Çağdaşlarımı okuyorum
Yazarın pazar günleri özel bir okuma ritüeli yokmuş. “Elimde hangi kitap varsa ona devam ederim” diyor ve şunları ekliyor: “Son üç dört yıldır çağdaşlarımın hikâye kitaplarını okuyorum ağırlıklı olarak. Çok fazla yeni üretim olduğu için hepsine yetişmek gittikçe zor bir hâle geliyor. Daha doğrusu yetişemeyeceğimi artık kabul ettim.
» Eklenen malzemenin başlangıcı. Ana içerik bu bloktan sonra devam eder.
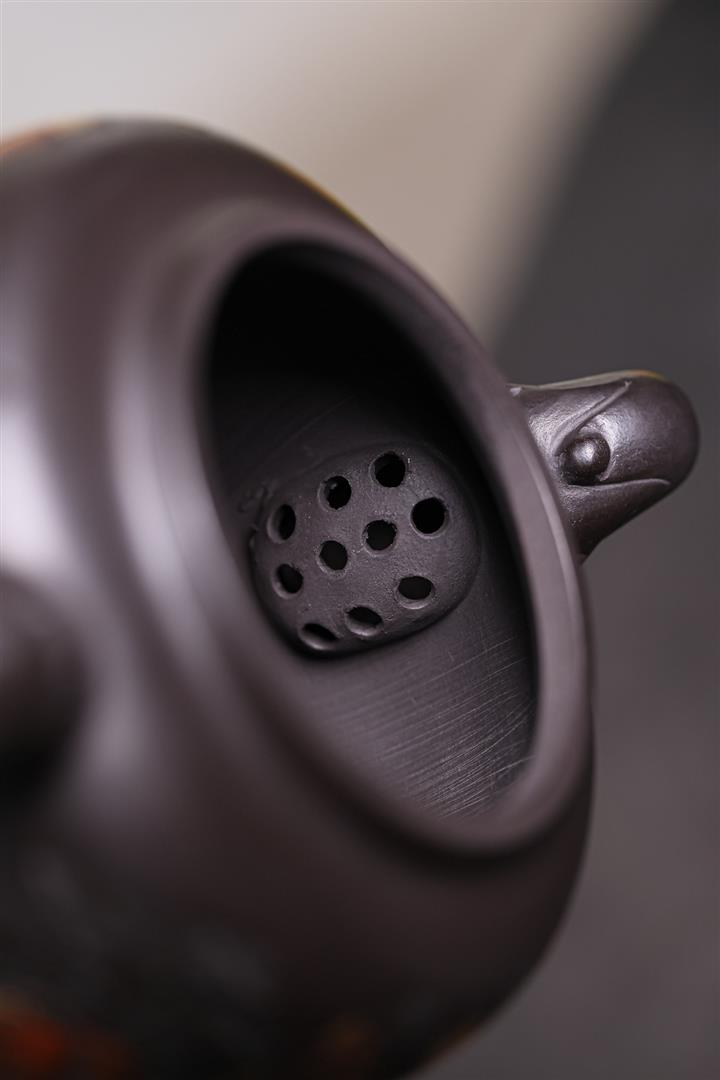【作品介紹】此款壺形線條流暢,壺把,壺嘴,壺身壹氣呵成栩栩如生,是收藏把玩的好壺,泥料色澤古樸典雅,日久使用,漸露鋒芒,養成變化快,溫潤莊重,用其泡茶,使用的年代久,壺身就溫潤,泡出來的茶湯也就醇郁芳馨。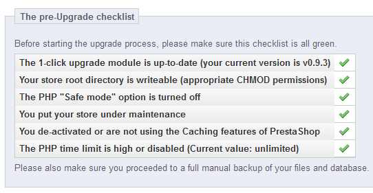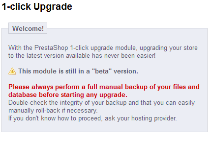 The 1-Click upgrade process simplifies many of the processes by consolidating them into a list in the configuration screens for the module. This configuration screen contains many items that require explanation so that you can make the proper decision on the setting. The following article explains the configuration screen of the 1-Click Upgrade module in PrestaShop 1.5.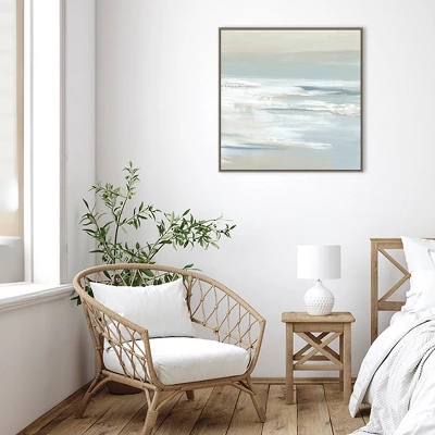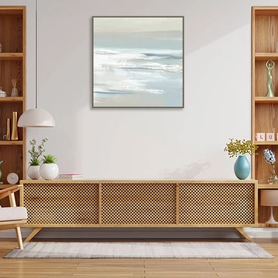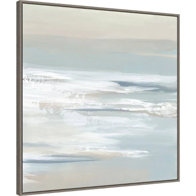 ART DESCRIPTION: With its muted blues and grays and a hint of sandy beach, this painting gently transports the observer to a tranquil ocean landscape. The abstract waves will add a sense of calm to any room. This Amanti Art canvas art print was created by Lera and printed by Amanti Art in Madison WI. The canvas is stretched by hand and finished with a float frame. Individually made using traditional custom framing techniques, it has the quality you would expect from your local frame shop. Because of our attention to detail and focus on artistry, architects, interior designers, and homeowners alike choose this framed canvas artwork to create beautiful living spaces.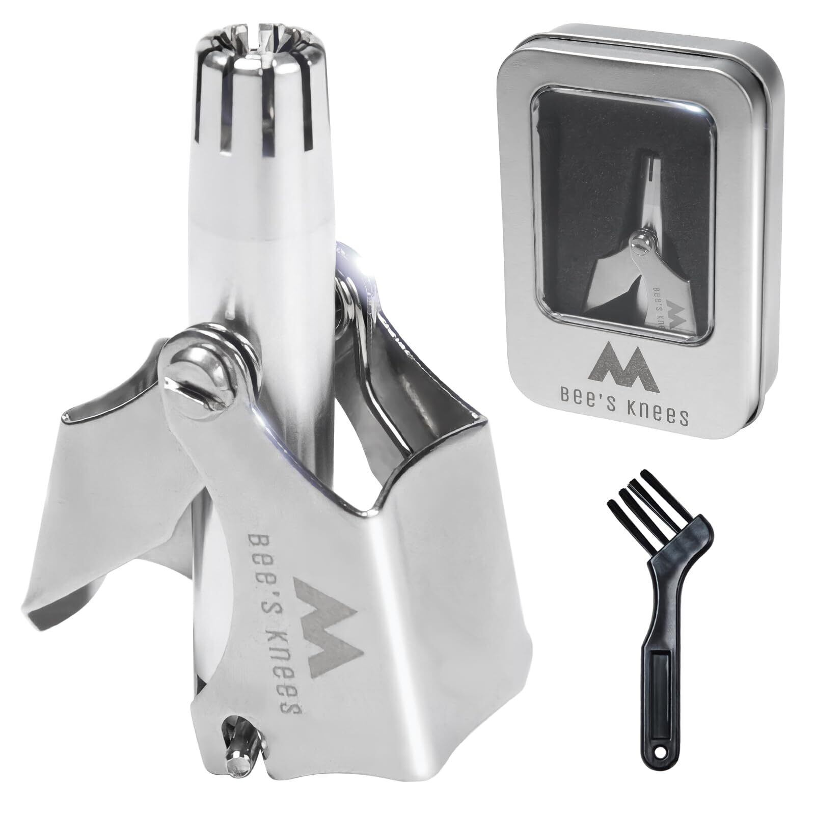 【トータルビューティアドバイザー監修】鼻毛カッター 手動式 エチケットカッター なはげ切り 水洗い可能 鼻毛処理 回転式 小型 電池不要 安全性 12枚立体ブレード レディース メンズ お手入れ掃除ブラシ付 収納ケース付き【Bee‘s Knees】

Bir süredir hep hikâye okumak yerine, bir hikâye bir başka tür olarak okumalarımı sürdürmeye çalışıyorum.”
Önceliğin ‘arayı açtıklarım’ olur
“Özellikle pazar günleri görmek istediğiniz arkadaşlarınız var mı?” diye sorduğumuzda ise “En uzun süredir görmediğim arkadaşım kimse o diyebilirim sanırım. Belirli bir kişi söyleyemesem de mümkün olduğunca arkadaşlarımla irtibatı koparmamaya çalışırım. O yüzden birisi görüşelim dememişse benim önceliğim arayı en fazla açtığım olur” cümlelerini kuruyor.
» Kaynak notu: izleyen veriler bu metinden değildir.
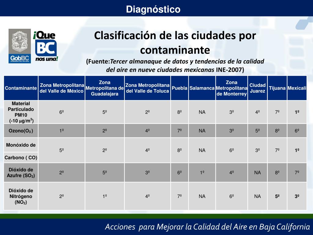 “Para cuidar el aire que respiramos”. Verificación Vehicular. Secretaría de Protección al Ambiente. Diagnóstico. Clasificación de las ciudades por contaminante (Fuente: Tercer almanaque de datos y tendencias de la calidad del aire en nueve ciudades mexicanas INE-2007).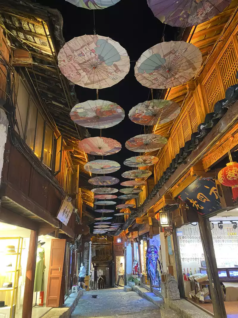 We then wandered to Oil-Paper Umbrella Street. The oil-paper umbrellas looked even more colorful against the dark night sky.
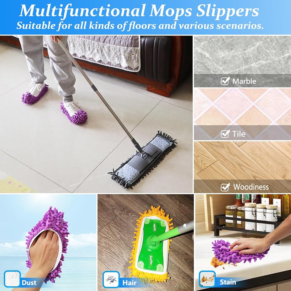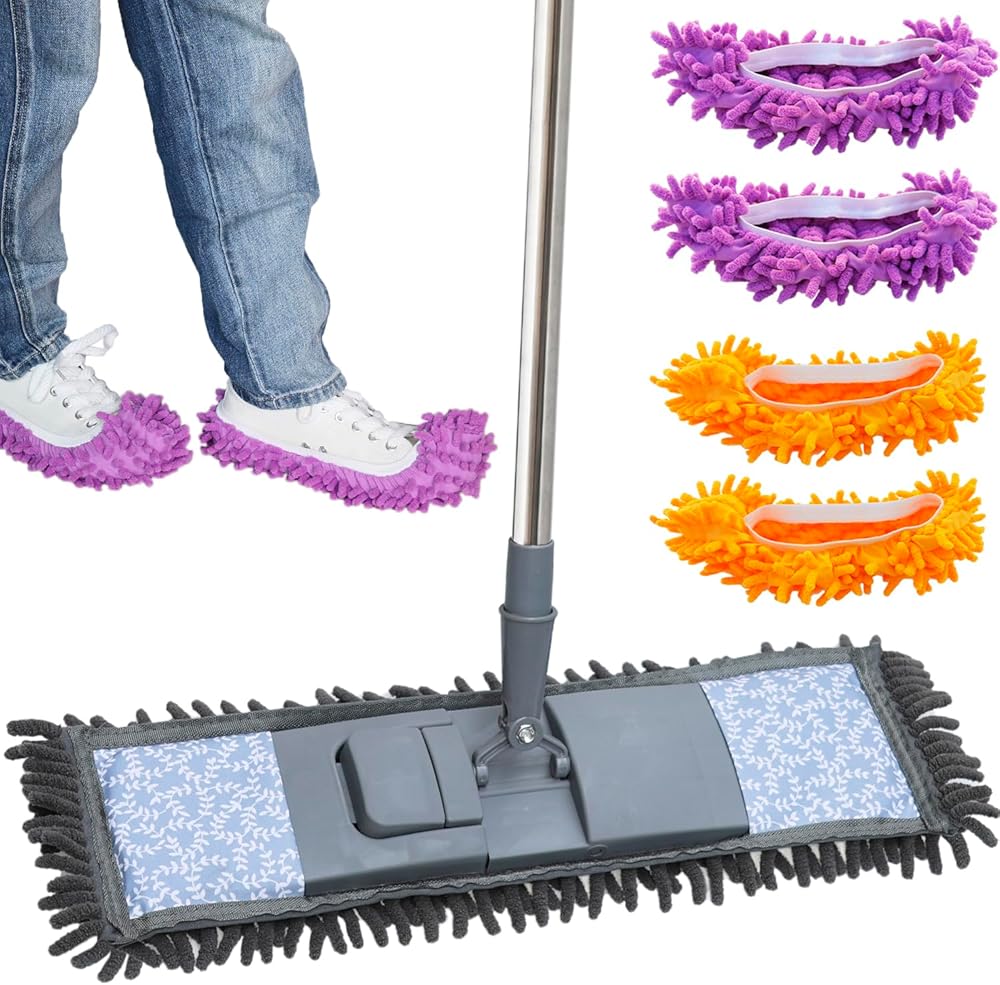 Our versatile cleaning solution - the 80-inch Adjustable Length Microfiber Flat Mop. This innovative cleaning tool comes with 2 pairs of Shoe Cover Dusters, a sturdy Stainless Steel Handle, and a Washable Chenille Mop Head, making it the perfect choice for all your household cleaning needs.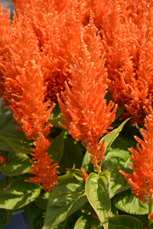 Flamma Orange Celosia features showy plumes of orange flowers rising above the foliage from early summer to mid fall. The flowers are excellent for cutting. Its pointy leaves remain green in color throughout the season.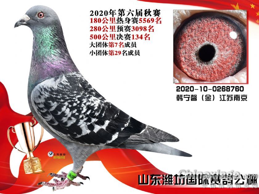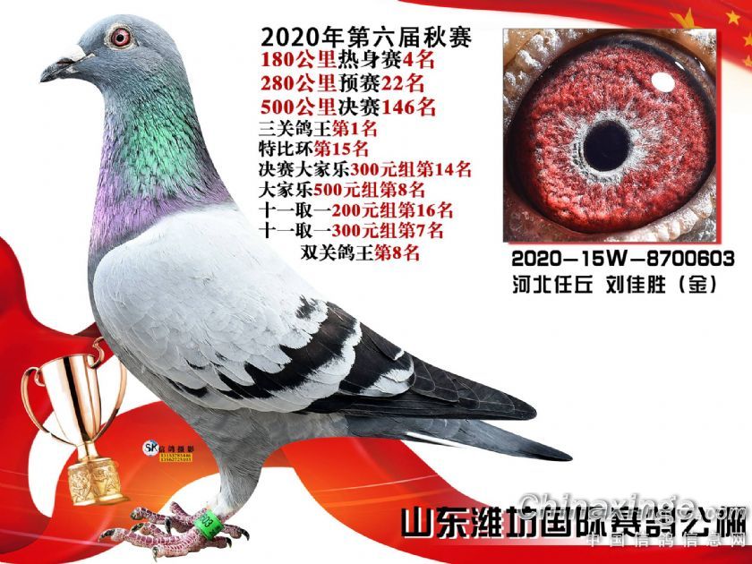 作品说明: 山东潍坊国际赛鸽121-150名获奖鸽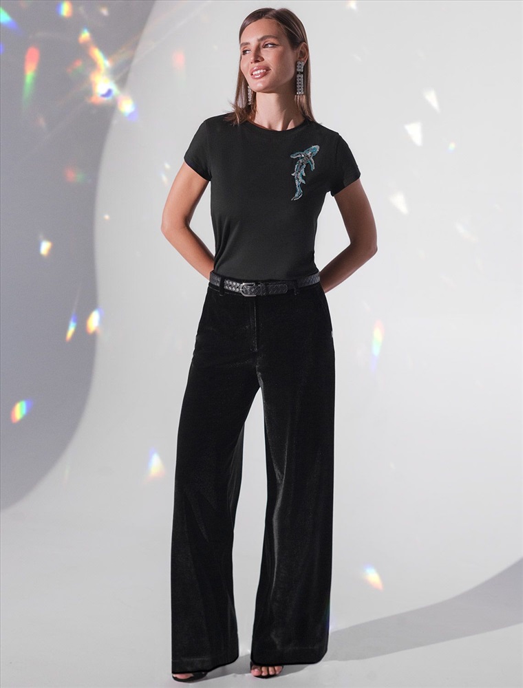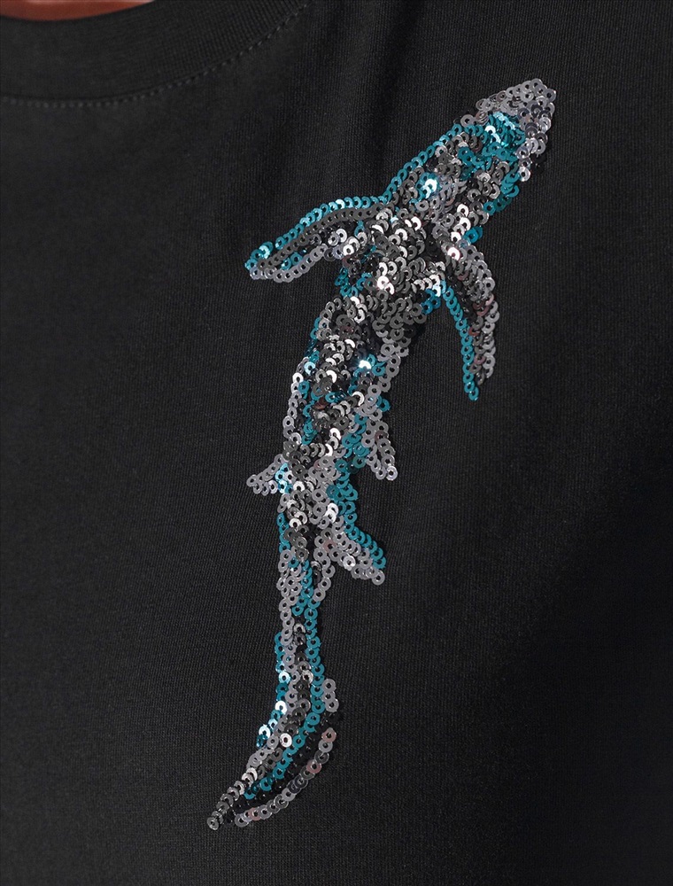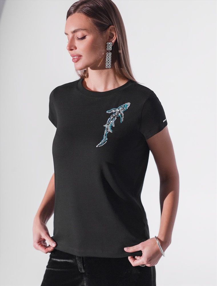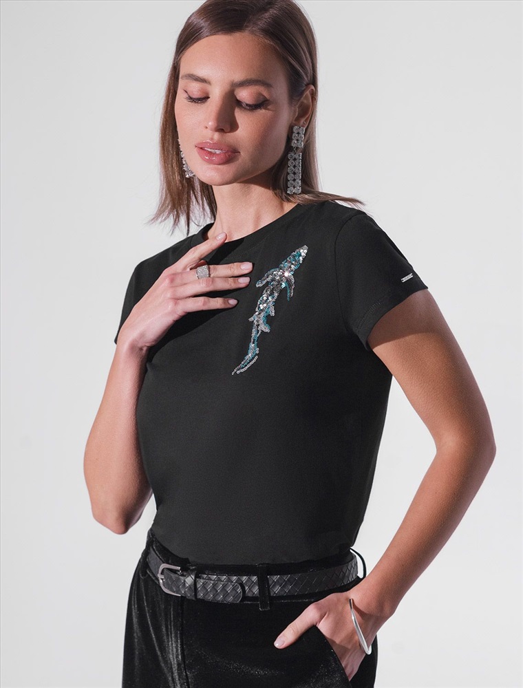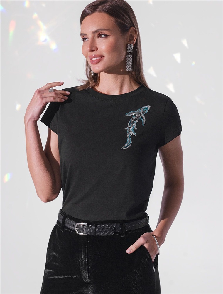 Плотность: 150 Г/м2 Футболка черного цвета идеально подходит для вечеринки и создания яркого образа. Оригинальный принт из серебристых пайеток в виде рыбки придает изделию шикарный вид, который привлечет внимание на любом мероприятии. Модель с круглым вырезом и классическим коротким рукавом обеспечивает свободу движений и комфорт в носке. Такой фасон изделия подходит на большие размеры, гармонично сидит на фигуре и помогает создать легкий акцент на достоинствах. Аккуратный круглый вырез красиво подчеркивает шею и делает образ элегантным, сохраняя актуальность для разных случаев — от рабочих встреч до вечерних прогулок и праздничных мероприятий. Модель изготовлена из премиального хлопка с добавлением эластана. Добавление эластана в состав изделия способствует формоустойчивости. Эта нарядная футболка подходит для создания образа на каждый день и идеально подойдет на выход. Модель не мнется, что делает ее практичным вариантом для активных женщин, которые ценят стиль и удобство. Женская футболка подчеркнет вашу индивидуальность и позволит вам выглядеть привлекательно в любой ситуации. Легкость в уходе и высокая износостойкость делают ее незаменимой вещью в вашем гардеробе. Благодаря сочному дизайну и качественной отделке, футболка легко сочетается с различными элементами гардероба, позволяя создавать уникальные комплекты для разных случаев. Она станет ярким акцентом в вашем гардеробе и подарит уверенность на любом событии. Такой вариант одежды станет отличной базой для стильного и эффектного образа на праздничное событие, корпоратив, Новый Год. Комментарии к товару

Pazar gezmeleri Validebağ’da
Yazarımızın pazarları favori mekânı ise Validebağ Korusu’ymuş. Bunun nedenini de şöyle açıklıyor: “İstanbul’da yaşıyorum ve bu şehri gerçekten çok seviyorum ama şehir kalabalık, çok kalabalık. Pazar günleri de hele hava güzelse güneşi fırsat bilen İstanbullular asfaltlara dökülüyorlar tabii ki. O yüzden kolay ulaşabildiğim koru, yeşiliyle, kuşlarıyla, incecik ve çoğunlukla görülmeyen deresiyle, havasıyla ve ulaşımıyla çölde bir vaha gibi. Favori mekânın ulaşıma göre belirlenmesi kötü maalesef ama İstanbul’da tüm duyguların ve hislerin önünde bir trafik var ve şehrin ‘beni böyle sev seveceksen’ demesine itiraz etmek gibi bir şansımız da yok.”
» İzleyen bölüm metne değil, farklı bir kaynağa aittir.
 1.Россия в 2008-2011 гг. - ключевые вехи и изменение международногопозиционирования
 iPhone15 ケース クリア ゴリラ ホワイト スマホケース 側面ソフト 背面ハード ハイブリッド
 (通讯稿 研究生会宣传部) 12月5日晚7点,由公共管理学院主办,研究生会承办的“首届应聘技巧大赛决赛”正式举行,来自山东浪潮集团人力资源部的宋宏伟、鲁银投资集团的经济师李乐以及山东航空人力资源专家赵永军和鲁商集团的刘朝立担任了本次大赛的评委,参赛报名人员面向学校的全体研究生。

Günleri “mümkün” olan en güzel hâliyle geçirmek
“En güzel ve en kötü geçen pazar gününüz hangisi?” dediğimizde ise “Bu soruya bir cevabım yok sanırım. En güzel gün, en kötü gün diye de bir ayrımım olmayabilir” diyor yazar. Ardından şunları söylüyor: “Güzel günler de var kötü günler de var, ama benim gayretim her günü o günün bütün olumlu ve olumsuz bileşenleriyle birlikte mümkün olan en güzel şekilde yaşamak sanırım. Kötü bir günün puanı olsa, -100 yerine -99 başarıdır, İyi bir gün olduğunda +99 yerine +100. Her zaman mümkün olur mu? Olmaz tabii ama olduğu kadar.”
Kafası karışık birisi
Pazar günleri çalışmayan ama bilgisayar başına geçebilirse yazmaya çalışan yazarımıza son sorumuz “Pazar günü bir insan olacak olsa nasıl birisi olurdu?” oluyor. İşte kendisinin cevabı: “Kafası karışık birisi olurdu sanırım. Tatilin keyfini mi çıkarsam, yoksa dünya dertlerini rahat rahat kafamda çevirip canımı mı sıksam diyen birisi. Kışın daha durgun, emekli gibi günü geçirme derdinde bir ihtiyarken, yazın ha bire fikir değiştiren, nereye sataşacağını bilemeyen bir genç olarak da tanımlanabilir belki. Pazar, günler ailesinde sağı solu en belli olmayan insan olurdu.”